Whatever the answers to those questions, this solution has been around for a very long time. The structures of the replication-associated sliding clamp from bacteria and from humans look virtually identical:

Human (left), and E. coli (right) sliding clamp protein complexes that facilitate DNA replication. Where does the DNA go? Obviously through the middle. These proteins do not bind to the DNA in any sequence specific way, but have positive charges arrayed around the inner ring, to gently stay in contact with negatively charged DNA.

The clamp complexes assemble into extremely stable rings right after they are synthesized off the ribosomal assembly line. That means that they have to be pried apart again to get put on DNA. That is the job of "clamp loaders"- yet another protein complex that orchestrate the proper placement of these clamps. While the clamp proteins are pretty simple affairs- pure structures lacking any enzymatic activity- the clamp loaders are ATP-ases and quite dynamic. 

https://www.ncbi.nlm.nih.gov/pmc/articles/PMC3683903/

An extremely simplistic model of clamp loading, with the loader prying open the clamp to allow it to admit double stranded DNA.
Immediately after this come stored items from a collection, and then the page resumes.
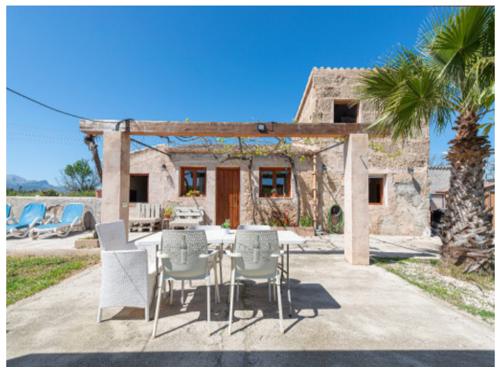
Casa de huéspedes con historia y terraza soleada

Toda la información como mejor se puede saber, salvo por error durante el periodo de venta. Sirva este documento como un informe previo, las bases legales solo serán válidas a través de un contrato de compra acordado ante Notario.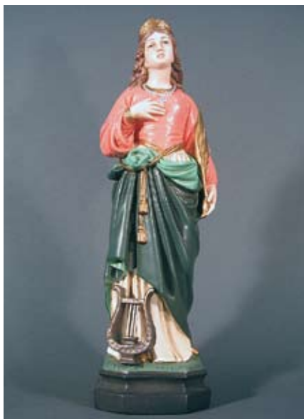
Hl. Cecilia Du standhafte Christin, lass uns mit Dir, Gott ehren und lobpreisen!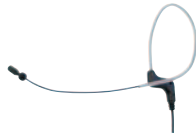
PEM 60.18 Ohrbügelmikrofon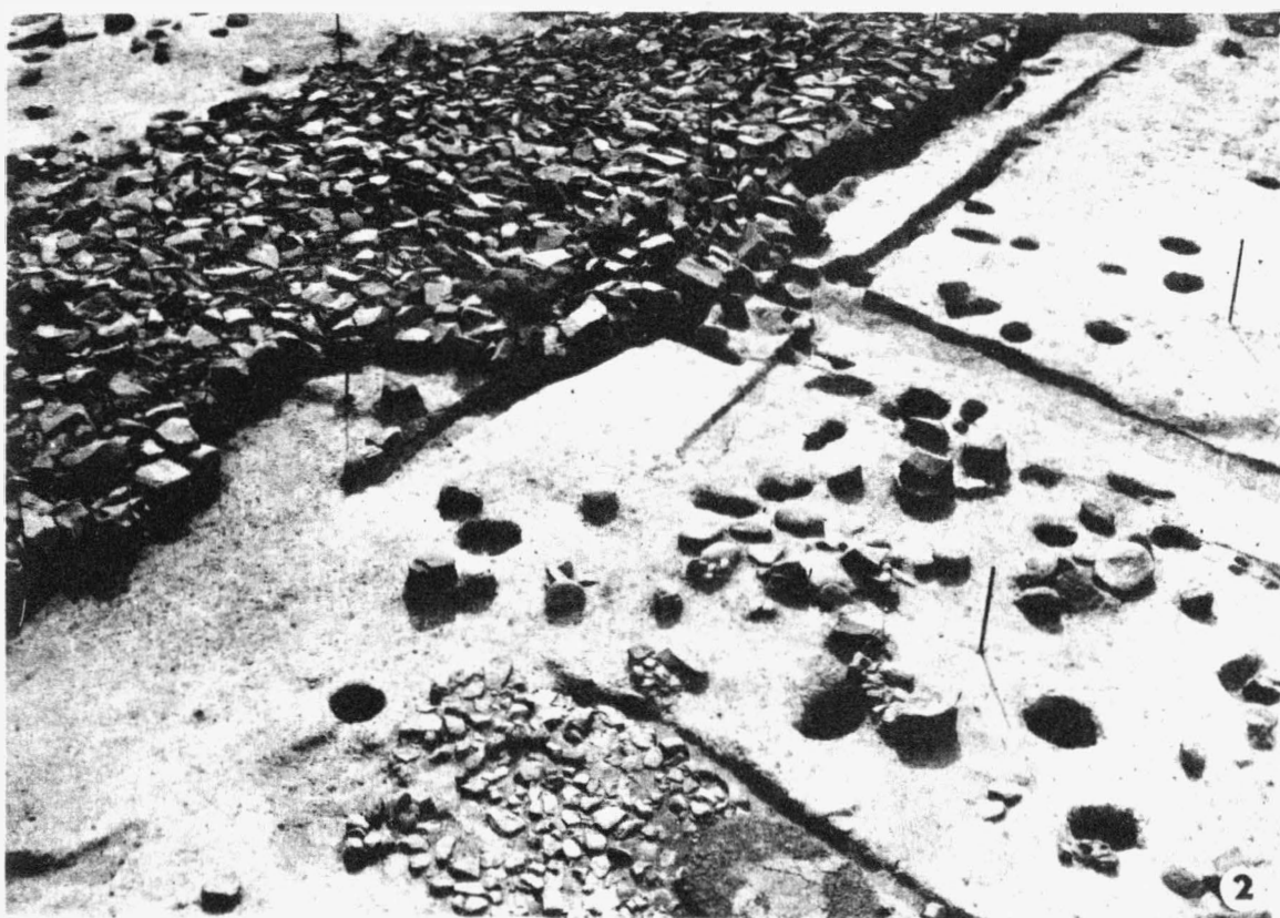
Tab. 34 Malé Hradisko (o. Prostějov). Keltské oppidum Staré Hradisko: 1 - Dlážděná cesta; 2 - Dlážděná cesta s částí "dvorce". - 1 - Gepflasteter Weg; 2 - Gepflasteter Weg und Teil eines "Gehöftes".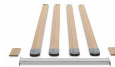
▲ Mit dem Verlängerungs-Set lässt sich die integrierte Bettverlängerung optimal nutzen.

Mit Original-Zubehör von Burmeier wird das Lenus zu einem Bett, das keinen Wunsch offenlässt. Bereits integriert ist eine ausziehbare Verlängerung des Bettrahmens um 20 cm. Zu ihrer Nutzung steht ein Verlängerungs-Set mit einem Ergänzungsstück für die Liegefläche, längeren Seitensicherungsholmen und Füllstücken für die Seitenblenden zur Auswahl. Auch ein passendes Polsterteil zur Verlängerung der Matratze ist erhältlich. Leselampe und Unterbettlicht sorgen für angenehmes Licht und sichere Orientierung bei Nacht. Unruhige Bewohner schützt der Schaumlederbezug vor Stößen gegen die Seitensicherung. Ein praktisches Serviertablett für Mahlzeiten wird einfach auf die Seitensicherung gelegt.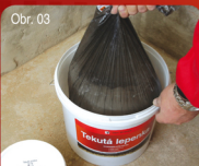
Obr. 03 Příprava směsi / Příprava směsi 15 Vyšňout z balení obě složky, syplku a tekutou. Vyšňout z balenia obe složky, syplku a tekutú.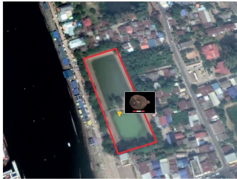
โบราณสถานสระโบสถ์ อำเภอพิมาย จังหวัดนครราชสีมา

รูปแบบแผ่นศิลาฤกษ์ของปราสาทวัฒนธรรม เขมรโบราณที่เคยพบในประเทศไทย แต่เดิมที่เคย ศึกษาและเข้าใจกันมีเฉพาะลักษณะเป็นแผ่นหิน ทรงสี่เหลี่ยมที่มีการเจาะช่องเพื่อบรรจุสิ่งของมงคล เพียงเท่านั้น แต่ในปี ๒๕๖๓ ณ โบราณสถานสระโบสถ์ ซึ่งเป็นสระน้ำโบราณที่ตั้งอยู่บริเวณด้านตะวันตก ของเมืองพิมาย ใกล้กับลำน้ำจักราช ได้ค้นพบ ประติมากรรมรูปเต่าอยู่บริเวณใกล้กับเกาะกลางน้ำ ของโบราณสถานสระโบสถ์ ลักษณะเป็นประติมากรรม รูปเต่าที่ด้านบนกระดองสลักเป็นลวดลายและเจาะช่อง รูปสี่เหลี่ยม ๗ ช่อง ล้อมรอบช่องสามเหลี่ยมขนาด ใหญ่ตรงกลาง ภายในช่องสามเหลี่ยมมีก้อนหินรูป สามเหลี่ยมวางอยู่เมื่อนำก้อนหินสามเหลี่ยมตรงกลางขึ้น และเริ่มทำความสะอาด จึงได้พบชิ้นส่วนแผ่นทอง ขนาดเล็กอยู่ด้านในช่องสี่เหลี่ยมด้านทิศใต้และช่อง สามเหลี่ยมตรงกลาง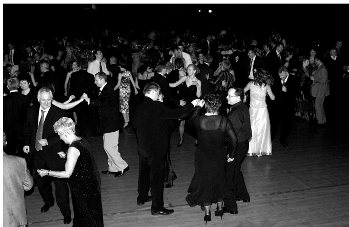
Wspaniała zabawa podczas VII Balu Ojców Miasta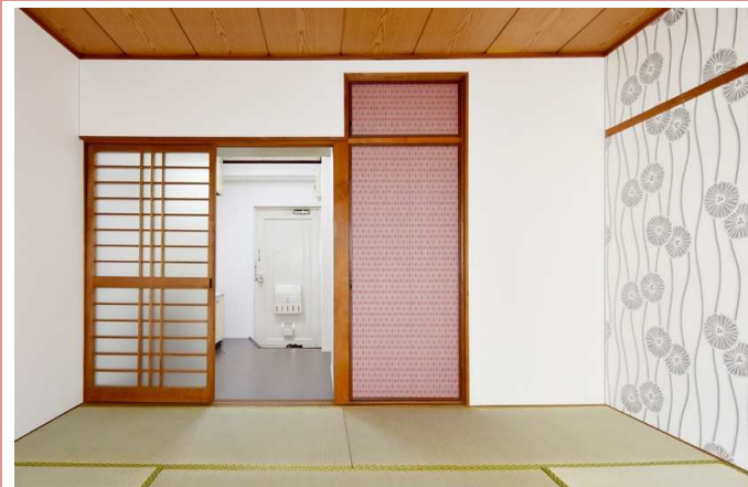
物入れのポイントカラー 天袋もあり季節物の収納に便利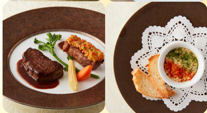
※コース料理イメージ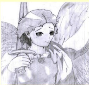
Susanne Wulff Pestalozzischule Naumburg

Die Sieger werden an einem Workshop in Klingers Radierstübchen teilnehmen. Herzlichen Glückwunsch vom Landrat und dem Vorstand des Kunstvereins Naumburg!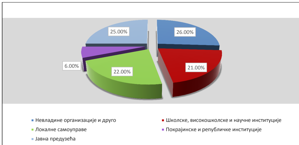
Графикон 5. - Структура учесника у оквиру активности "Процена пројектних идеја" током 2017. године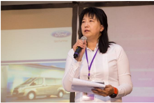
▲2016年第九屆年會論壇主持人

一路走來，學姊面對各項挑戰都抱著堅定如一的正向與樂觀，在訪談中，經常將「好玩」、「挑戰」、「不無聊」等字眼掛在嘴邊，不難讓人感受到學姊對於各項挑戰與困難無所畏懼的熱情與堅毅。問起學姊對未來的規劃與想像，學姊笑言自己並非一個會做長遠計畫的人，對現階段的她而言，她期待的是可以「一路玩到掛」、不留遺憾的人生，到人生的最後一天都應該要充滿趣味，才能不負此生！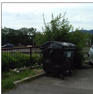
CHÝBAJÚCA KONCEPCIA RIEŠENIA UMIESTNENIA NÁDOB NA ZBER KOMUNÁLNEHO ODPADU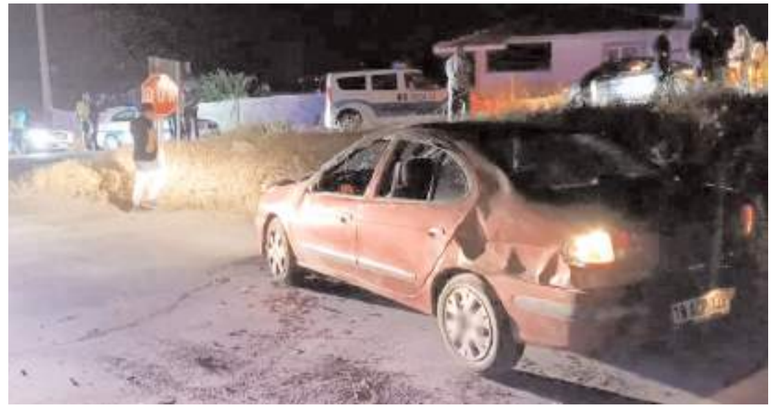
Kaza, Eskişehir köyü yolunda meydana geldi.

Gözaltına alınan 30 şüpheli hakkında "nitelikli dolandırıcılık, resmi belgede sahtecilik ve kaçakçılık" suçlarından soruşturma başlatıldı. (İHA)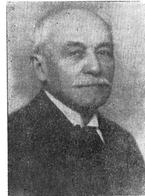
ELIE DEM. MIREA *

Fig. 2. Ornaments et formes graphiques remarquables sur les monnaies ottomanes en cuivre des XIV e — XVI e siècles: 2 av. et rv.; 5, 6 et 7 av.; 4 rv.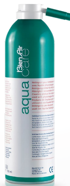
AQUACARE 500 ml spray de limpeza Embalagem de 6 unidades REF. 1600617-006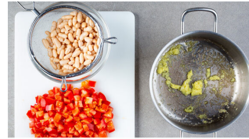
In einem kleinen Topf ausreichend Wasser für die Eier zum Kochen bringen. Die Tomaten in ca. 1cm große Würfel schneiden. Den Ingwer und den Knoblauch schälen, fein würfeln und in einer mittelgroßen Pfanne mit 1EL Olivenöl bei mittlerer Hitze 1-2Min. anbraten. Die Bohnen in ein Sieb abgießen und abtropfen lassen.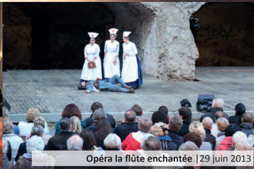
Opéra la flûte enchantée | 29 juin 2013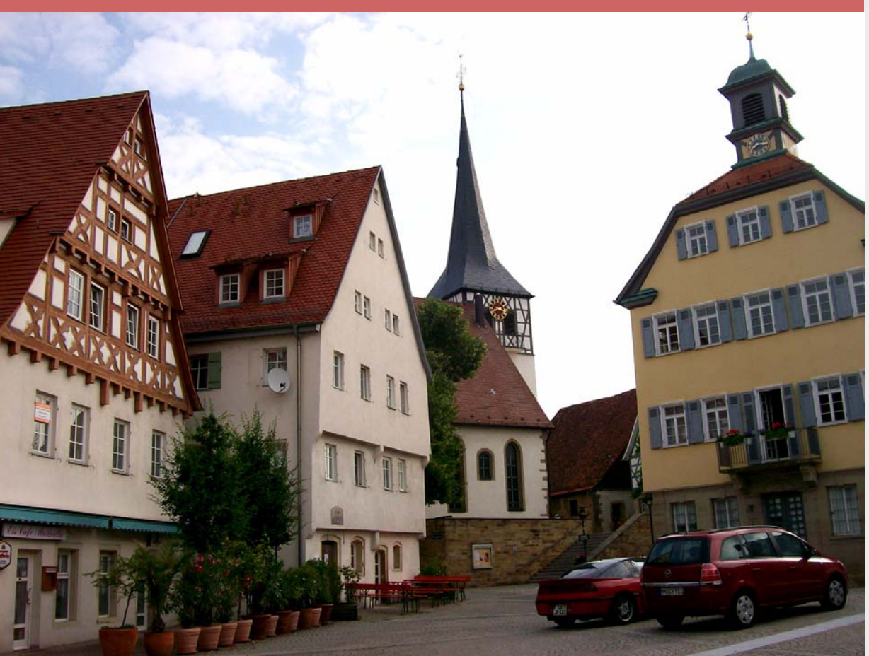
Bild 5: Der historische Ortskern von Kirchheim am Neckar, mit dem Rathaus auf der rechten Seite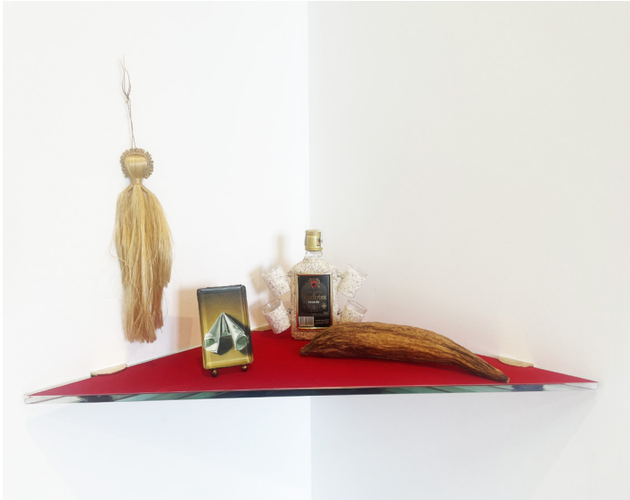
Nature morte à la serviette, 2023, installation de divers objet et peinture sur panneau de verre 53 x 53 x 40 cm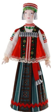
Рис. 5 Кукла коллекционная девушка в традиционном девичьем костюме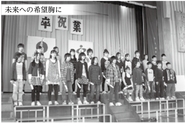
未来への希望胸に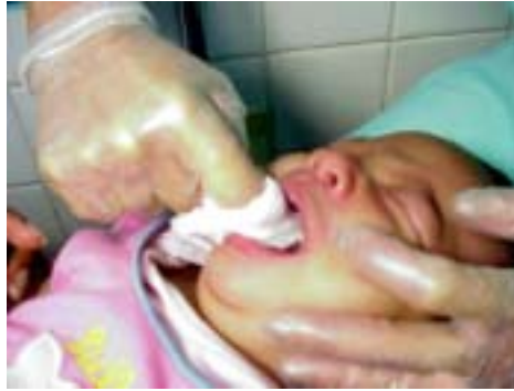
Figura 1.35. Demostración técnica de higiene bucal.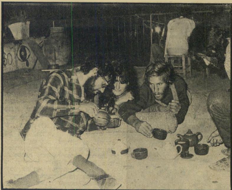
אורחים ב"בית התה" בצפת -

לטובה, החליט לא לשלוח אותו לכלא, לתת לו במקום זאת הודמנות נוספת. החלטה זו לא נראתה לתביעה. היועץ המשפטי לממשלה עירער עליה. בית-המש' פט העליון דחה את העירעור, הסכים לדעת בית-המשפט המחוזי שיש לתת להיפי הצעיר הודמנות נוספת.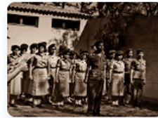
מיזם השבעים - חלק ב'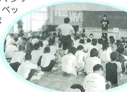
デイサービスセンターってどんなところ？

石津小学校6年生の児童がデイサービスセンター南濃へ訪問しました。訪問する前日には、デイサービスセンターで行っているレクリエーションなどを学びました。訪問当日では、児童たちが自作のマジックや紙芝居を披露したり、ペットボトルをピンにまねてボウリングをしたりと児童たちが工夫を凝らして考えたレクリエーションを利用して見える方と一緒に楽しみました。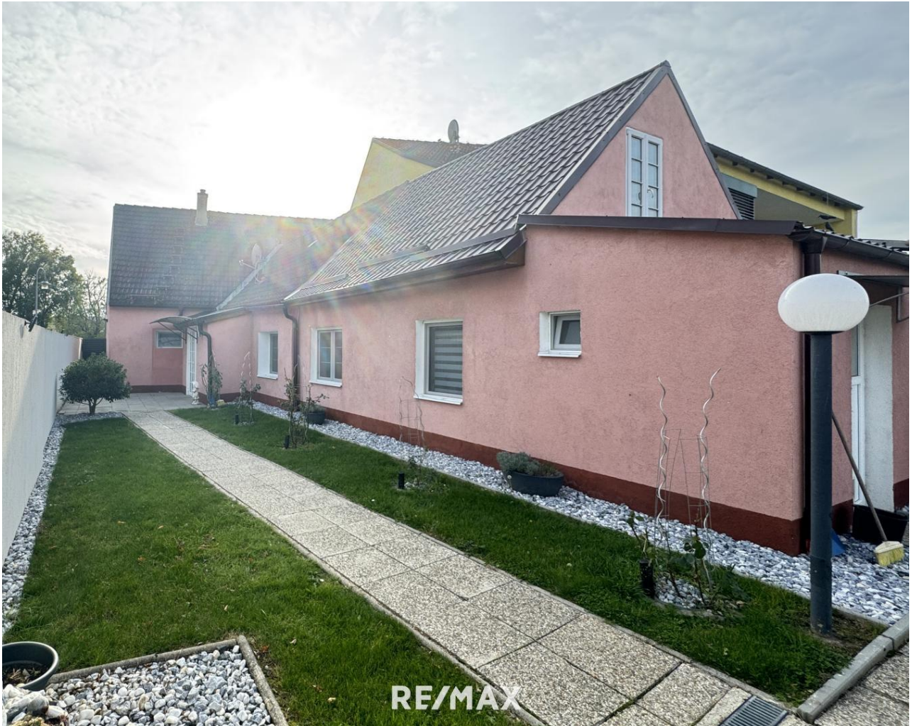
Haus Blick Garten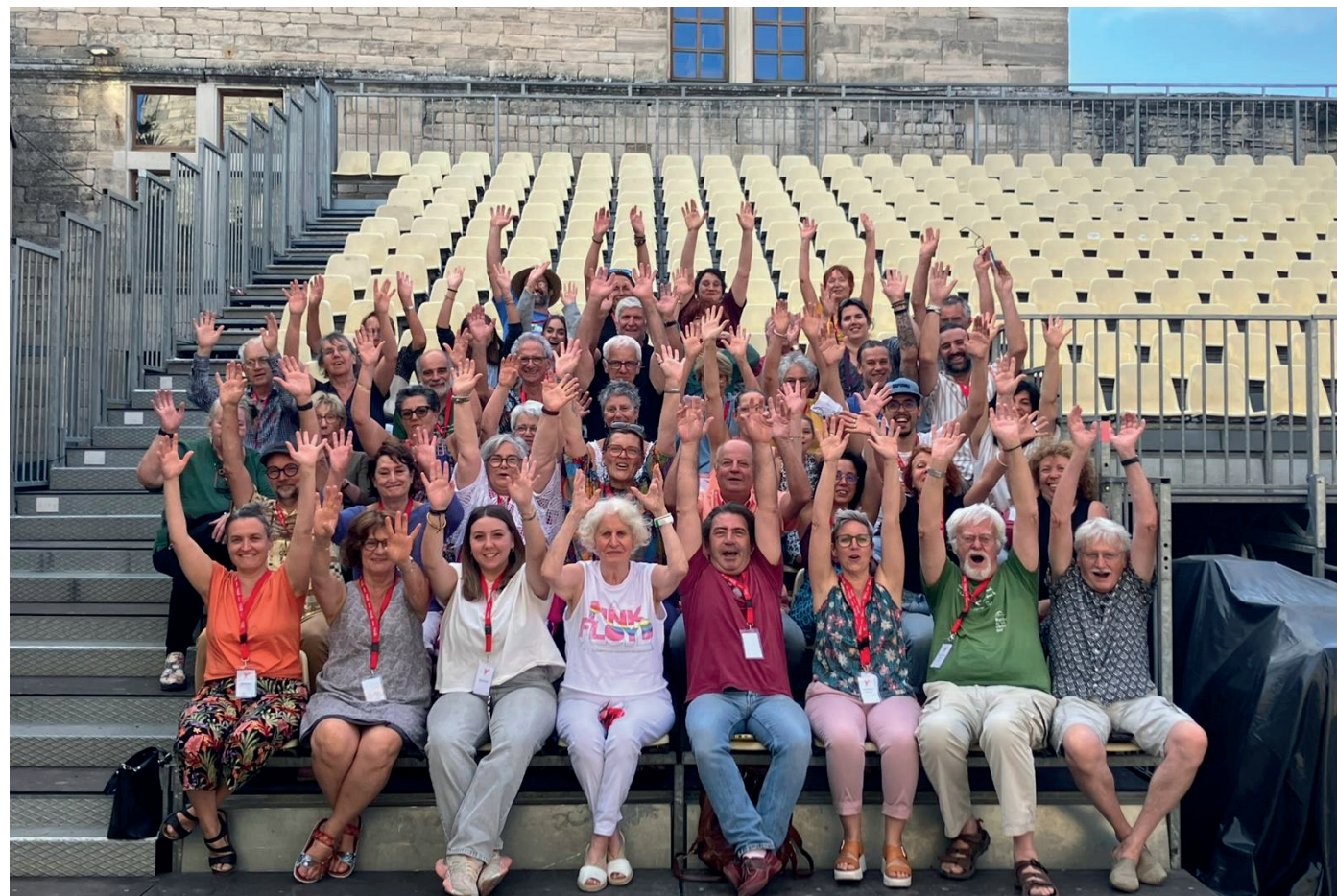
Equipe de l'association Chant Libre, Château de Barjac, 2025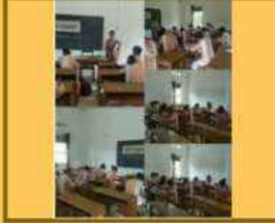
નિર્માણ લેખન (હિન્દી સપ્તાહ)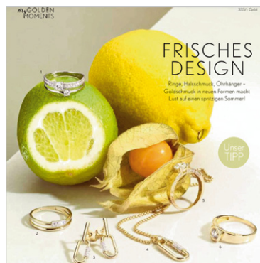
Frische, Sommer, Kauflaune

tag, 15. Juni 2024, 10:00 bis 19:00 Uhr ■ Sonntag, 16. Juni 2024, 10:00 bis 15:00 Uhr ■ Montag, 17. Juni 2024, 8:00 bis 17:00 Uhr. An diesen Tagen lädt der Vollsortimenter für den Uhren & Schmuck-Fachhandel wieder zur Hausmesse ein. Von Uhren- und Schmuck-Basics bis hin zu Trend-Kollektionen, Uhren 'Made in Germany' sowie Möbeln und Maschinen für die Werkstatt ist alles abgedeckt. Auf nach Münster: Bringen Sie Frische in Ihr Sortiment und stellen Sie sich bestmöglich für die neue Saison auf.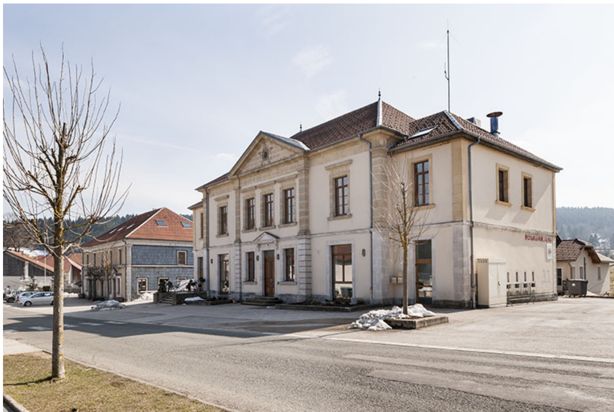
Mairie-fromagerie vue de trois quarts droite. 25, La Chaux, 12B rue du Docteur Girard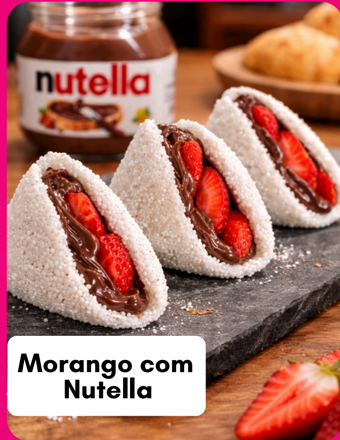
Morango com Nutella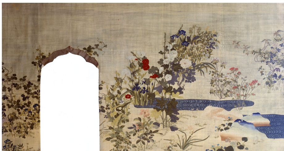
川島織物参考館 綴織壁張「光琳四季草花」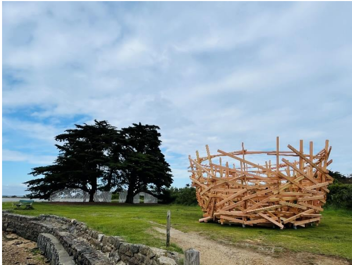
Exposition « Nids et Cabanes » de Tadashi Kawamata. Berno. Ile d'Arz.

The job of a clamp loader is to recognize the correct location in DNA, to bind a free clamp complex, to pry open that complex, transiently allowing the double stranded DNA to enter, to detect when the DNA has successfully been loaded into the clamp, and lastly to detach again from the resulting complex. It is a big job, obviously. What is the correct location? It is a fork where single stranded DNA meets double stranded DNA- i.e. where DNA replication has been primed by a special replication origin selection, opening, and priming process. Clamp loaders are also rings, with five highly related subunits all around. Their ATPase activity (active on each subunit) allows them to twist, which is how they manage to twist the clamp as well, to open it up.

A recent paper extended structural knowledge about clamp loaders. These authors used the new cryo-electron microscopy methods to obtain high resolution structures of these complexes in a variety of states. These states were made available by virtue of using a slowly hydrolyzing form of ATP that gave them the whole spectrum, then frozen and photographed with electrons. They capture beautifully the sequence of events, where the loader first tentatively binds a clamp, and then opens it up wide enough to accept DNA. The DNA binding groove is not open until the clamp is bound, enforcing this forward sequence of clamp binding, then DNA binding (availability), then clamp opening. The authors do not, however, provide reason to think that this opening is dependent on DNA being already bound, so it is possible that this opening complex can be futile- opening and closing repeatedly before encountering the right replication fork. This is probably unlikely in practice, though, because the clamp loader complexes are quite rare and probably have other interactions that position them at replication forks before this process even begins. Additionally, the loader + clamp complex may remain open as long as necessary, until it encounters the right fork location.

An early form of the clamp loading complex is shown, when it first binds a clamp. The five subunits of the clamp loader are shown in color, while the clamp is shown at bottom in gray. In B, the contacts between the two complexes are shown in color, on the clamp, which is composed of proteins called PCNA. The different structures are of various stably inhibited forms, and the A-gate is where DNA is bound during the loading process.

Later on, after the loader has expended some energy, it has more contacts apparent with the clamp (right) and has pried it open, wide enough to accept a strand of DNA.

With DNA, the whole complex contracts a little again, and you can see the continuous flow of DNA (yellow) through the cleft of the loader complex down through the clamp complex. 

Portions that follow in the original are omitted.